DSpace / dspace-angular

DSpace User Interface built on Angular.io
https://wiki.lyrasis.org/display/DSDOC8x/
BSD 3-Clause "New" or "Revised" License
134 stars 433 forks source link

(Discussion) Static Site Generation and DSpace #3183

Open kshepherd opened 3 months ago

kshepherd commented 3 months ago

Description

Generating and serving static HTML and javascript ('Static Site Generation') can help make repository content easier to run in low resource environments, more portable (pages are on disk), and checks off many other best practices.

DSpace Angular can't do everything as static content, of course, but there are many pages which don't change very much (e.g. unauthenticated context + item page) and are the most commonly visited content, by both human and robot users.

This ticket is for discussion about how and where we can use SSG (static site generation) with DSpace repositories, various techniques and how they work, and any experience or progress experimenting with this topic.

Approaches

There seem to be a few approaches with SSG in Angular, so far we have identified:

  1. Build-time generation of configured or discovered routes (user-specified) - this could hammer the REST API quite hard at startup. It could be more useful for repositories who have large numbers of item pages that do not change for years.
    • As noted in July 18 meeting, it can also severely increase build time, if one must prerender with every build this becomes a blocker to fixing bugs, upgrading, etc.
  2. On-demand / 'regeneration' as requests come in?
    • As noted in July 18 meeting, dynamic SSG comes with all the performance problems (and maybe more) as SSR, so could end up negatively impacting on DSpace performance
  3. External tools like scully (see Refs) that can crawl the Angular site and create static content, could be configured and used to generate things incrementally or as admins see fit, on TTLs, etc.

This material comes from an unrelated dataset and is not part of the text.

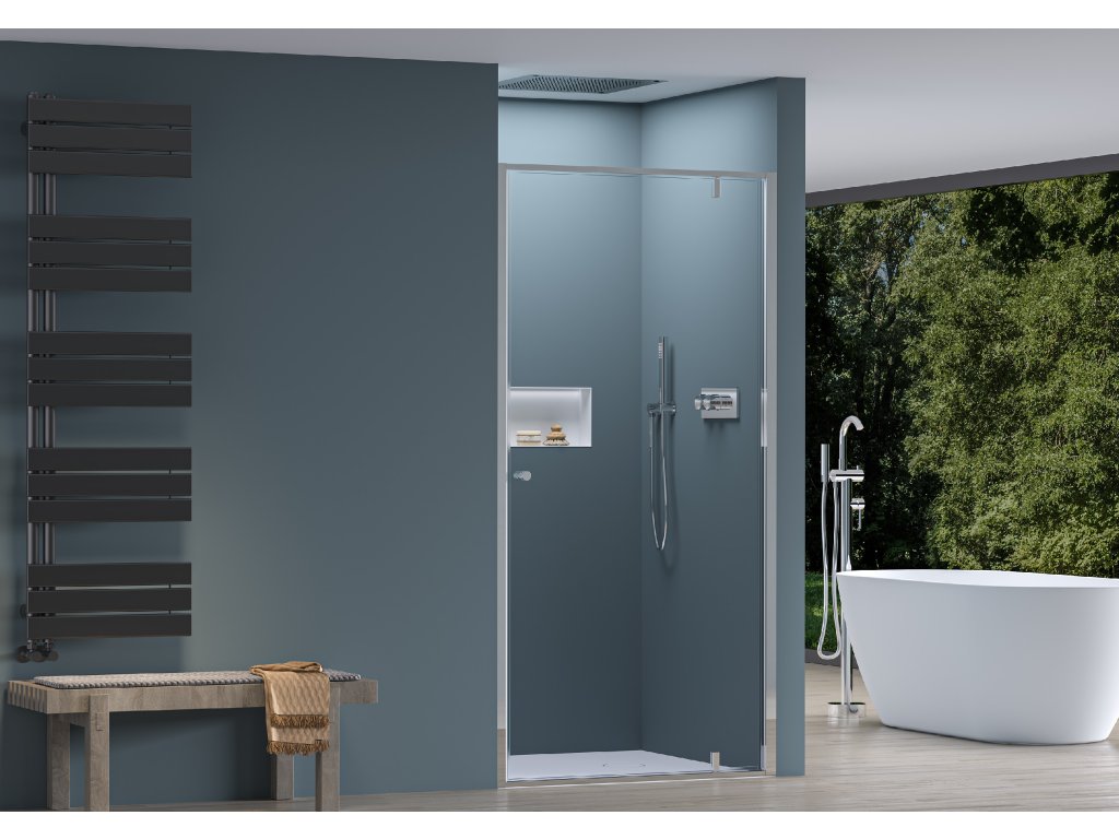 Drzwi prysznicowe są osadzone na zawiasach, a oś obrotu jest przesunięta od krawędzi drzwi na zewnątrz, co ułatwia ich otwieranie. To rozwiązanie wymaga miejsca na pełne otwarcie drzwi, co należy uwzględnić podczas planowania. Drzwi obrotowe są również dobrym wyborem do większych łazienek, ponieważ dzięki takiej konstrukcji można zastosować drzwi o większych rozmiarach.
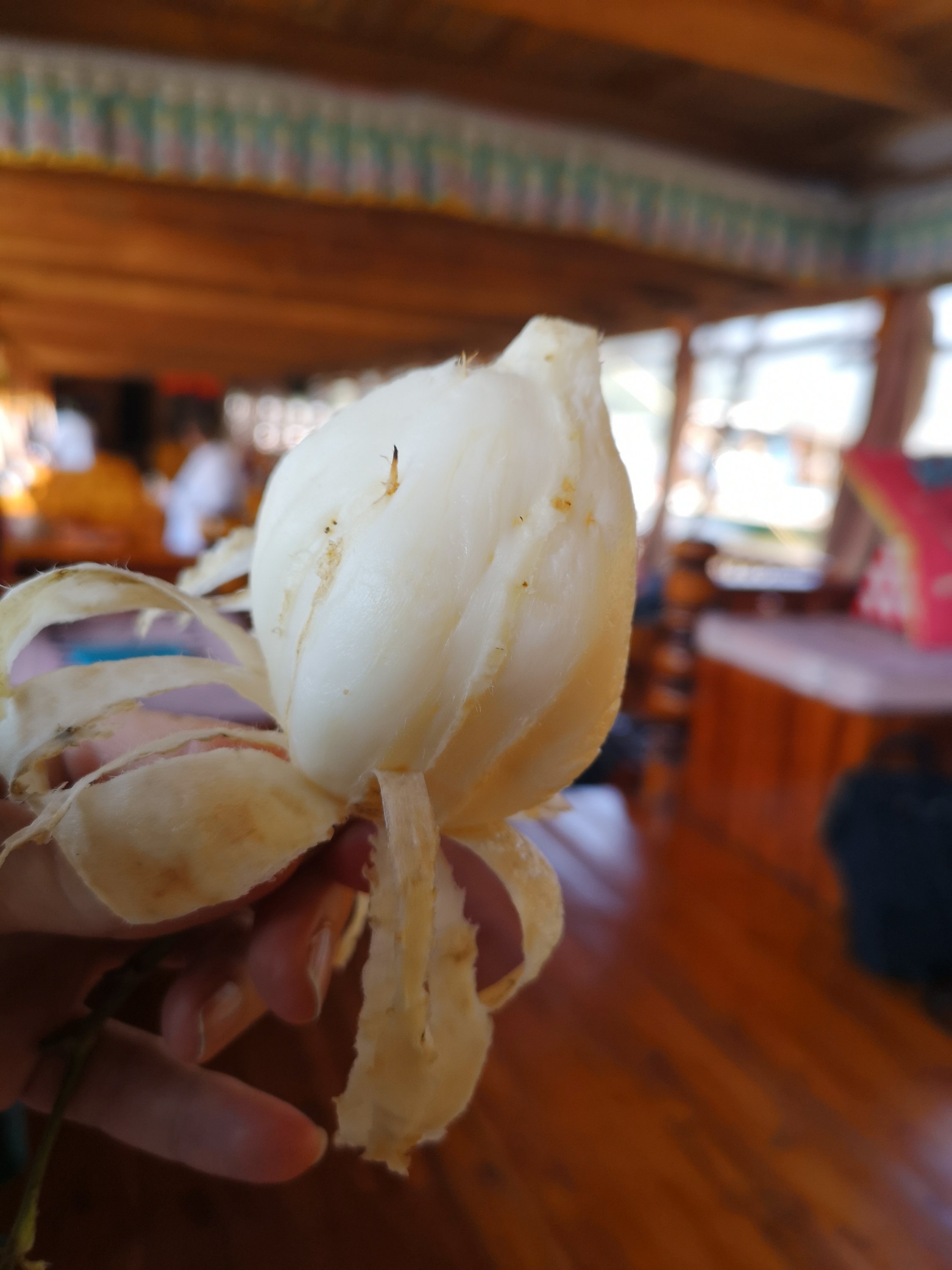 We stopped a few times to meet locals and they purchased a root like potato that is a bit sweeter. You peel like a flower. You were able to peel with your fingers unlike our potatoes. It was delicious. It had a texture like a water chestnut.

Note re: performance / SSR

This discussion is not intended to be a band-aid "fix" or competing proposal for solving high-resource usage in SSR (server-side rendering). It is a discussion for those curious about supporting static sites in DSpace repositories, as a goal in and of itself.

References

abollini commented 3 months ago

please please please :) only look for option 3. IMHO we need to simplify as much as possible the angular code to reach our primary goal that should be have a fast application in a basic scenario without the need of all these extra layers (cache, pre-site generation) that are of course needed for High Performance, large and heavy accessed site. The other options could be attractive in the short term but would make the performance worst, the installation process more complex and/or slow

kshepherd commented 3 months ago

please please please :) only look for option 3

Good points made today, I've added notes about the downsides to options 1 and 2, and tried to make it clearer that this issue was not supposed to be related to SSR (or even Angular, necessarily) or compete for attention with SSR performance issues.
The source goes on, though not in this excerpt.